• **EXERCISE AIM**
Without the pictures, set down everything in the listing exactly.

::: MATERIAL PROVIDED

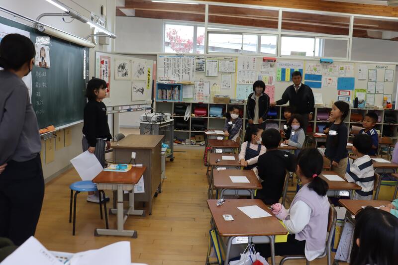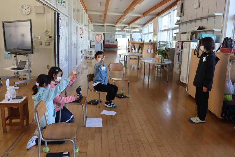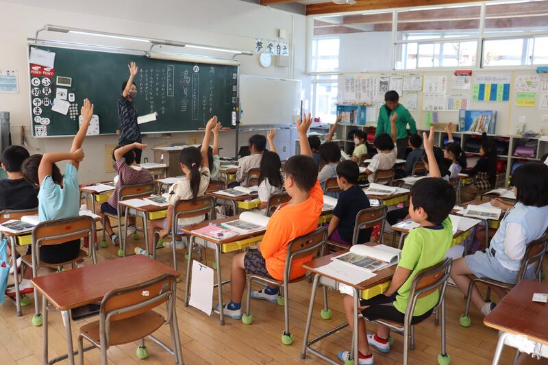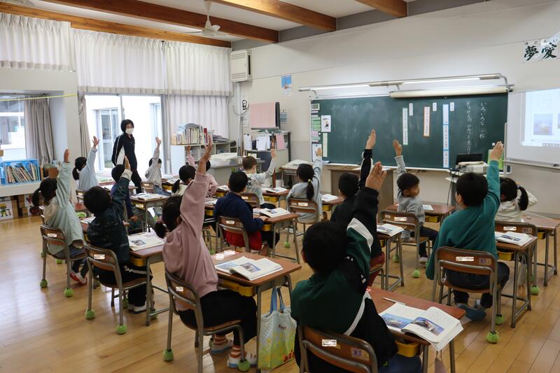 小学2年生の国語の授業です。手の挙げ方が上手!姿勢がとてもいいですね!
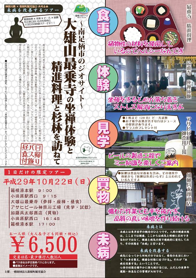 上記両ツアーともに神奈川県と箱根町の共同企画(県西地域活性化プロジェクトの一環)となっており、県西地域の資源や歴史、なりわいを体験しながら、「未病を改善する」きっかけにしていただくツアーです。10月に箱根へお出かけのご予定されておりましたら、ぜひ、今回ご紹介した上記ツアーなどで計画案の一つとしてご検討して、心身のリフレッシュなどにもお役に立てていただければと思います。
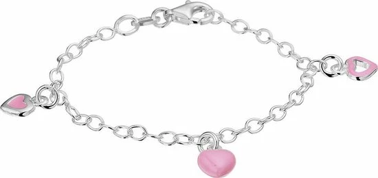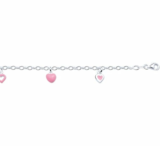 Zilveren armband met 3 hartjes van roze emaille. De armband is onderdeel van een set. De lengte van de armband bedraagt 13cm.
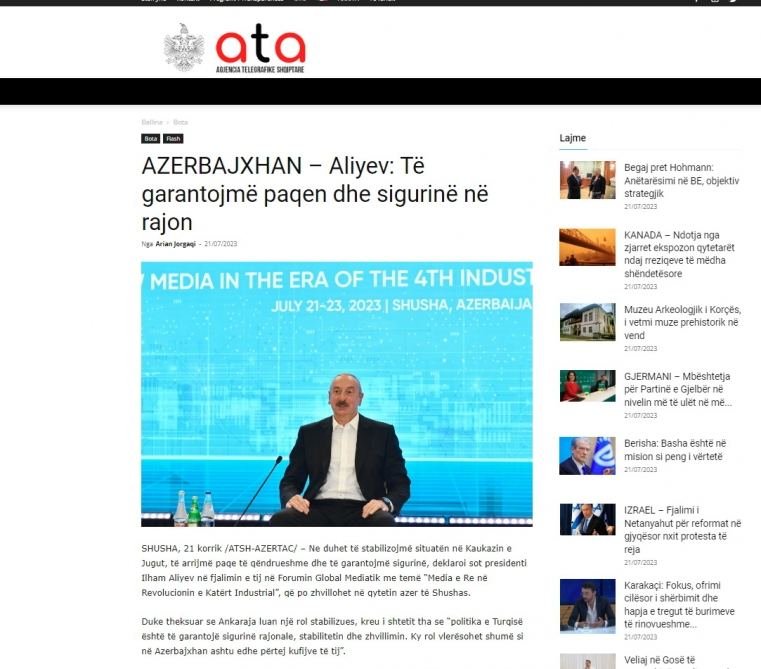 The article published by the Albanian Telegraph Agency (ATA) notes that at the Shusha Global Media Forum, Azerbaijani President Ilham Aliyev touched upon important global and regional issues. The foreign media drew the audience's attention to the Azerbaijani President's remarks on such topics as Turkey's support for Azerbaijan in the Second Karabakh War, Baku's relations with Moscow, Azerbaijan's successful chairmanship in the Non-Aligned Movement, new realities in the region after Azerbaijan's victory in the Patriotic War, Armenia's mine terror against Azerbaijan, as well as the peace process.

::::::

• **EXPECTED OUTPUT**
 小学2年生の国語の授業です。手の挙げ方が上手!姿勢がとてもいいですね!
 上記両ツアーともに神奈川県と箱根町の共同企画(県西地域活性化プロジェクトの一環)となっており、県西地域の資源や歴史、なりわいを体験しながら、「未病を改善する」きっかけにしていただくツアーです。10月に箱根へお出かけのご予定されておりましたら、ぜひ、今回ご紹介した上記ツアーなどで計画案の一つとしてご検討して、心身のリフレッシュなどにもお役に立てていただければと思います。
 Zilveren armband met 3 hartjes van roze emaille. De armband is onderdeel van een set. De lengte van de armband bedraagt 13cm.
 The article published by the Albanian Telegraph Agency (ATA) notes that at the Shusha Global Media Forum, Azerbaijani President Ilham Aliyev touched upon important global and regional issues. The foreign media drew the audience's attention to the Azerbaijani President's remarks on such topics as Turkey's support for Azerbaijan in the Second Karabakh War, Baku's relations with Moscow, Azerbaijan's successful chairmanship in the Non-Aligned Movement, new realities in the region after Azerbaijan's victory in the Patriotic War, Armenia's mine terror against Azerbaijan, as well as the peace process.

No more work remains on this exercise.